(Entries taken from a collection)
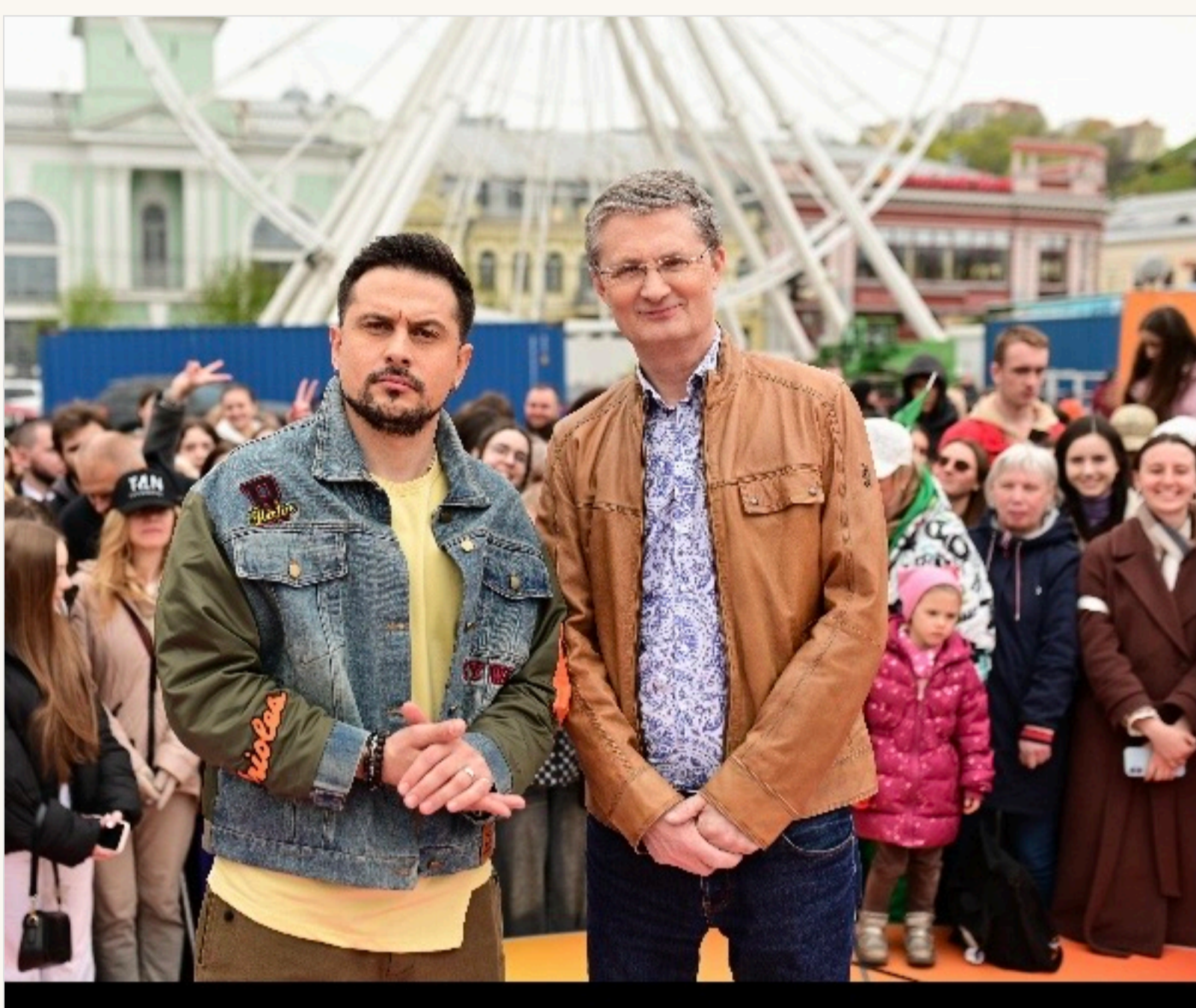
ХАС замінив Ігоря Кондратюка у легендарному шоу "Караоке на Майдані"

— Точно нам не було складно. Ми пройшли певну еволюцію відносин. Вперше ми познайомились з Ігорем Васильовичем на талант-шоу, коли мені було 19 років. Потім знову зустрілись, коли мені виповнився 21 рік. Це були «Україна має талант», «Х-фактор», я виступав як запрошений гість на «Караоке», потім читав новини в стилі реп на шоу «Кондратюк у понеділок». Кілька років ми не спілкувались і знову зустрілися на зйомках мого кліпу «До зими», в якому він зіграв самого себе. Тоді Ігор Васильович запитав, скільки мені років. Я сказав, що буде 35, і він зедава, що саме в ці роки розпочав «Караоке». На цьому все і завершилось, а пізніше він подзвонив і запропонував спробувати себе у ролі ведучого. Я взяв участь у кастингу і... пройшов.
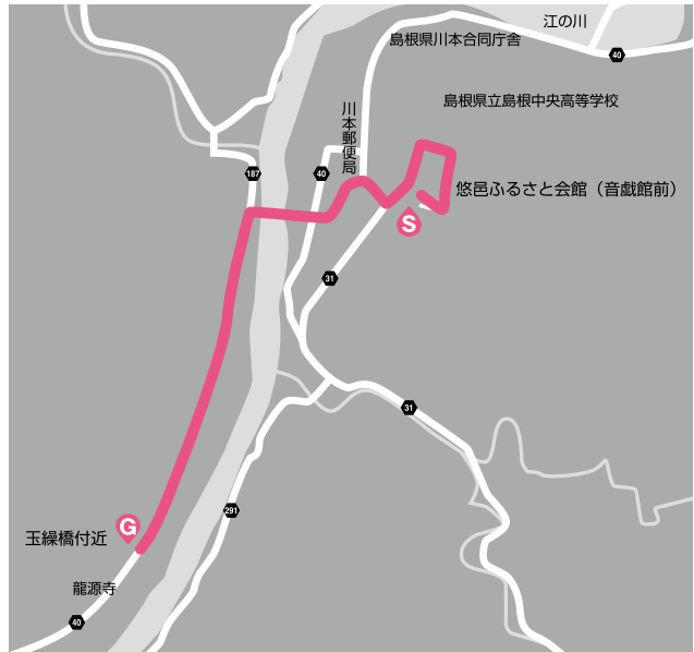
▲川本町聖火リレールート

【問】島根県スポーツ振興課 ☎0852-22-6439 総務財政課 ☎72-0631
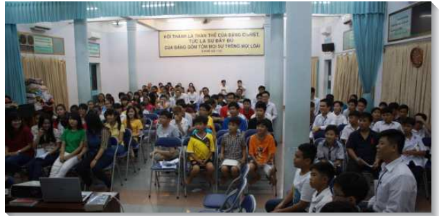
▲在越南的青少年特會

後來為著加快語文的學習及孩子的上學，我們搬到越南最大城市—胡志明市，那裏約有四百位聖徒，分為八個區在聖徒家中聚會。白天我到大學學習越文，下午和
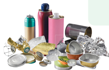
↑ Métaux y compris les petits éléments comme les capsules, les couvercles...
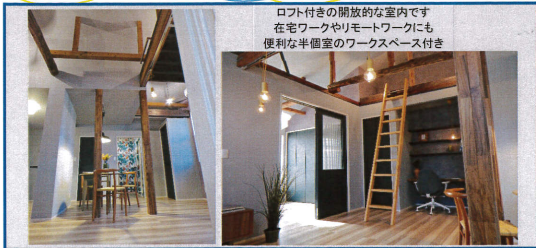
ロフト付きの開放的な室内です 在宅ワークやリモートワークにも 便利な半個室のワークスペース付き
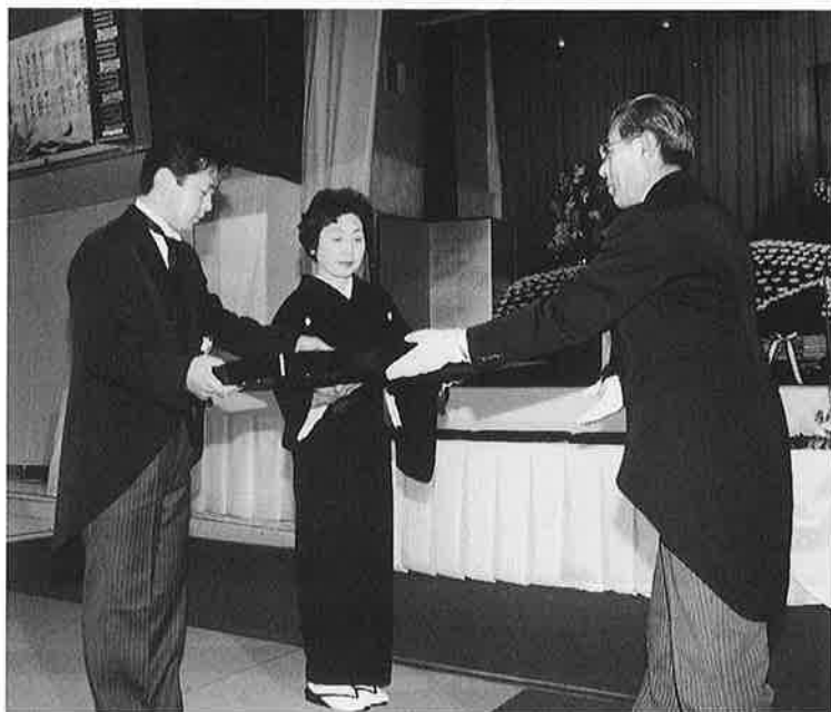
大谷助役から勲六等單光旭日章が伝達される

* **Task instructions**: All of the records above should be reproduced exactly, with the pictures left out.

* **Solution to this exercise**:
ХАС замінив Ігоря Кондратюка у легендарному шоу "Караоке на Майдані"

— Точно нам не було складно. Ми пройшли певну еволюцію відносин. Вперше ми познайомились з Ігорем Васильовичем на талант-шоу, коли мені було 19 років. Потім знову зустрілись, коли мені виповнився 21 рік. Це були «Україна має талант», «Х-фактор», я виступав як запрошений гість на «Караоке», потім читав новини в стилі реп на шоу «Кондратюк у понеділок». Кілька років ми не спілкувались і знову зустрілися на зйомках мого кліпу «До зими», в якому він зіграв самого себе. Тоді Ігор Васильович запитав, скільки мені років. Я сказав, що буде 35, і він зедава, що саме в ці роки розпочав «Караоке». На цьому все і завершилось, а пізніше він подзвонив і запропонував спробувати себе у ролі ведучого. Я взяв участь у кастингу і... пройшов.
▲川本町聖火リレールート

【問】島根県スポーツ振興課 ☎0852-22-6439 総務財政課 ☎72-0631
▲在越南的青少年特會

後來為著加快語文的學習及孩子的上學，我們搬到越南最大城市—胡志明市，那裏約有四百位聖徒，分為八個區在聖徒家中聚會。白天我到大學學習越文，下午和
↑ Métaux y compris les petits éléments comme les capsules, les couvercles...
ロフト付きの開放的な室内です 在宅ワークやリモートワークにも 便利な半個室のワークスペース付き
大谷助役から勲六等單光旭日章が伝達される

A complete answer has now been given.